El piso de arriba, por su parte, era todo de habitaciones. Juan las fue contando, hasta llegar al número quince. Eran pequeñas, muy pequeñas –“como para niños,” pensó Juan– y muy semejantes unas de otras: un camastro, una mesa, un taburete. En varias de ellas había imágenes pintadas en las paredes. Todas representaban a Cristo o a la Virgen, excepto una que decía con letras torpes: “SANCTUS IOSAPHAT.” Juan sonrió al reencontrarse con el amigo de la abuela cristiana.
Por fuera, las habitaciones tenían unas tablas con nombres: Ivana, Calixta, Felicitas, Águeda, Maria, Blandina, Magdalena. Los demás nombres eran irreconocibles. Juan, que poco sabía de nombres de personas, no sabía si estos eran de hombres o de mujeres, y como tampoco nadie le había hablado de vida en monasterios, él pensaba que esta era una familia grande y se imaginaba que ahí tenía que haber hombres y mujeres. Se encariñó con el nombre “Ivana,” que él se imaginó que era de hombre, y entonces se dijo: “Yo voy a ser Ivana.” Esa noche se quedó en la habitación que había sido de Ivana y durmió como un bebé.

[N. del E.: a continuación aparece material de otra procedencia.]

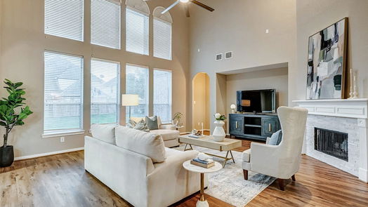 Completely updated Village Builders home on premium corner lot in the Master Planned Lakes of Bella Terra. Charming covered front porch welcomes you to a grand foyer, formal dining room, & study w/built-ins. Open-concept family room w/soaring 2-story ceilings, stacked windows, & corner fireplace, flows effortlessly to the breakfast space & Chef's island kitchen; boasting beautiful 42" wood cabinetry. 1st floor Primary Suite offers spa-like en-suite bath w/dual sinks, jetted tub + separate shower & huge walk-in closet w/custom built-ins. Upstairs game room, 4 guest beds & 2 baths for sharing. ALL NEW floors, carpet, paint, quartz in kitchen & primary bath, light fixtures on 1st floor, marble backsplash, painted cabinets, GE profile stove & landscaping. Also features pre-wired alarm & in-ground lawn sprinkler. Back patio overlooks huge backyard. Community amenities including rec centers w/pools, splash pads, parks, fitness center, tennis courts, volleyball court, fishing ponds & more!
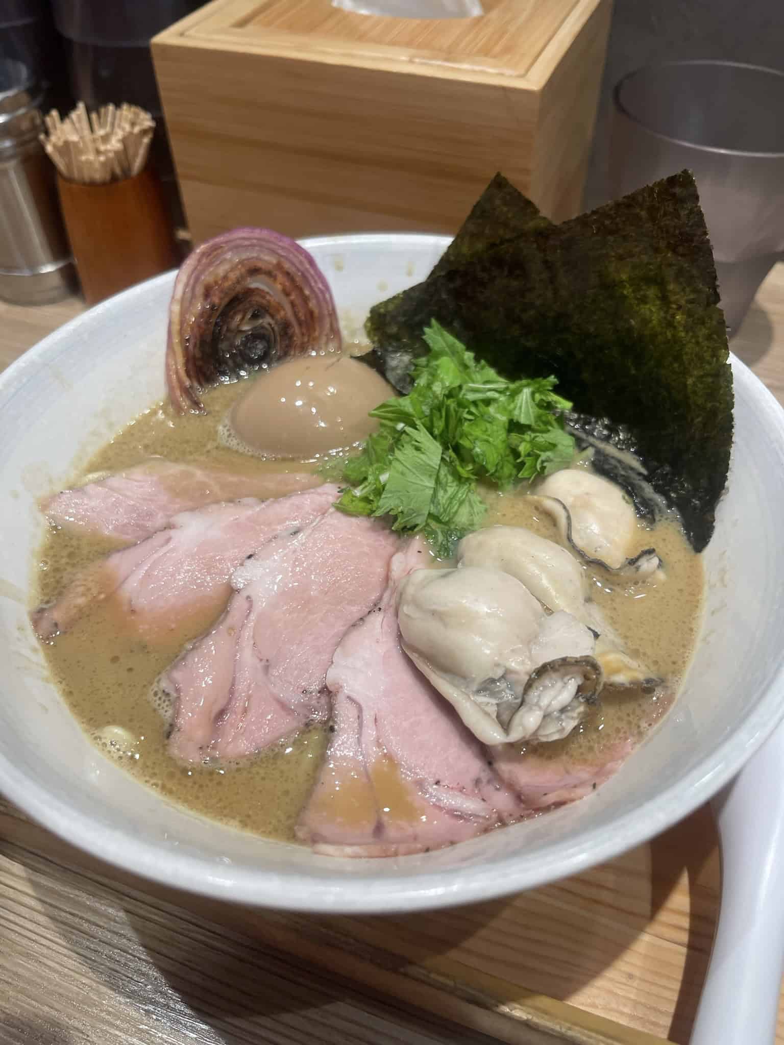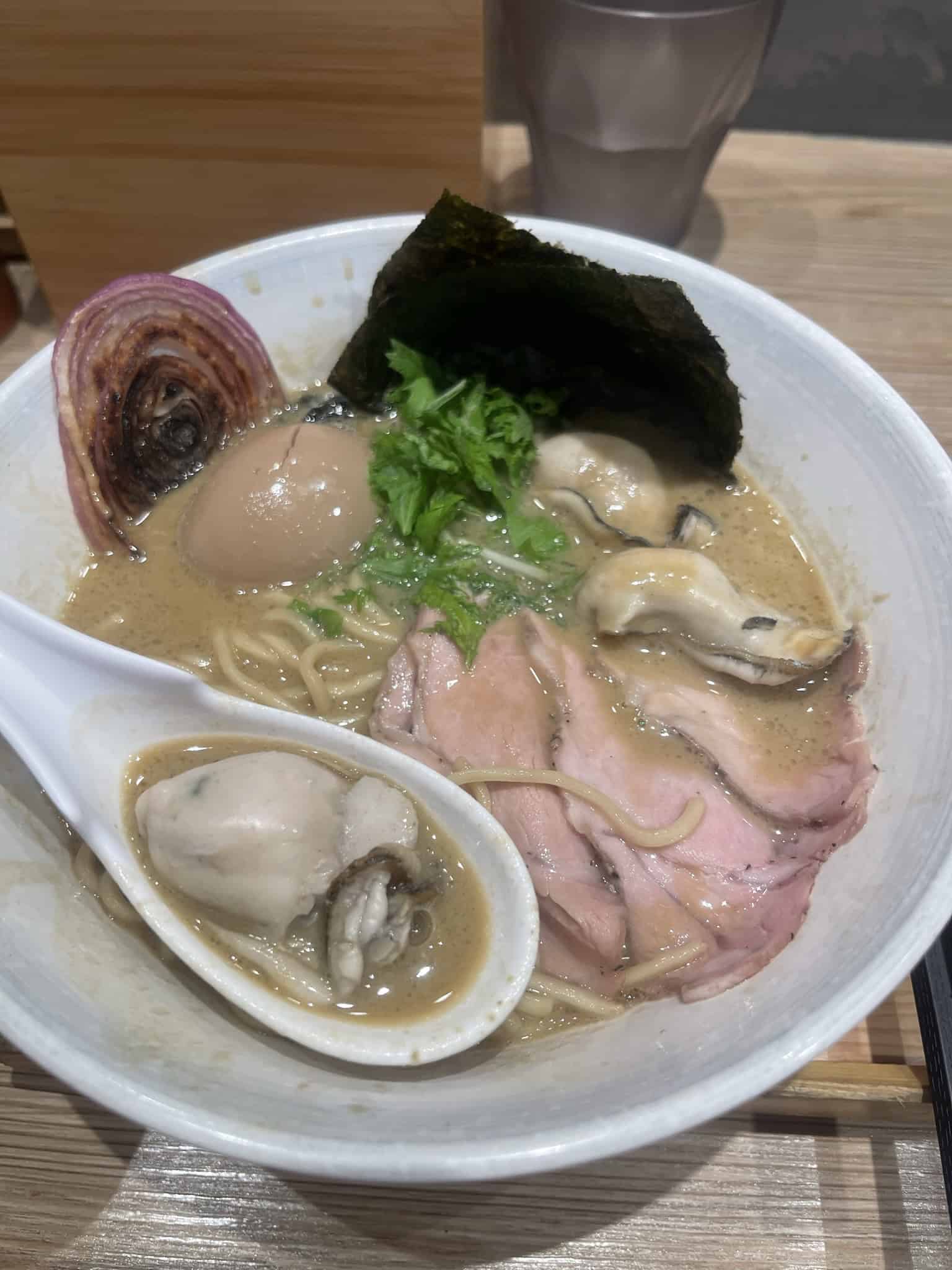 I've had a lot of ramen over the years, but this one was unforgettable. The combination of massive oysters, rich yet balanced broth, and the intimate counter-style setting made it a truly special meal.

Lo último que vio fue la imagen maltrecha de San Josafat.
Lo despertó el canto del pájaro escondido. El nuevo día mostró un cuadro menos atractivo que el de la tarde. Todo el polvo, el moho y el rastro de ratas y murciélagos se dejó ver. Pero la casa seguía siendo bastante decente y en todo caso mucho más agradable que la cueva donde Juan, que ahora se llamaba a sí mismo “Ivana,” había pasado los últimos años.
Aquella mañana nuestro amigo hizo varios descubrimientos. Ante todo, se percató que no es que hubiera dos cocinas sino que la segunda, la más pequeña, sólo se usaba para hacer panecitos redondos. En uno de los cajones de esa supuesta cocina quedaban restos ennegrecidos y casi irreconocibles de los panes redondos. Le pareció extraño a Juan que los que habían estado enterrados se hallaran en mejor condición. “Quizá es un pan mágico y por eso ese niño entregó la vida defendiendo el pan mágico,” pensó.
Lo otro que descubrió es que la parte mejor conservada de la casa era la biblioteca. No que tuviera muchos libros sino que estaban puestos en mucho orden y algunos cubiertos con telas o cueros, en esfuerzo evidente por evitar que la humedad los dañara.
Sin más formulismos tomó posesión del antiguo monasterio, se olvidó de la Villa de La Esperanza y decidió que era muy interesante aprender a leer bien. Desde el principio lo que más le llamó la atención fue un volumen que estaba incompleto y que tenía pocos dibujos y tintas comparado con los demás. Iba organizado por fechas y según “Ivana” aprendió después, en su primera página decía: “Empieza aquí la crónica del Monasterio de Cristo Todopoderoso…” Esa obra le serviría para conocer la vida de las anteriores habitantes del lugar. Fue así como decidió ser un ermitaño y como aprendió, con gran sonrisa, que no debía llamarse “Ivana,” sino que empezó a llamarse “Iván.”
Cuanto más leía más quería aprender. Ya no se sentía solo. Era como si las monjas se hubieran ido a un largo paseo y un día cualquiera fueran a regresar. Entendió entonces que lo que había encontrado más abajo, en el bosque de los árboles gigantes, no era un niño sino el cuerpo de una monja que evidentemente había salido huyendo aprisa. Pero, ¿por qué?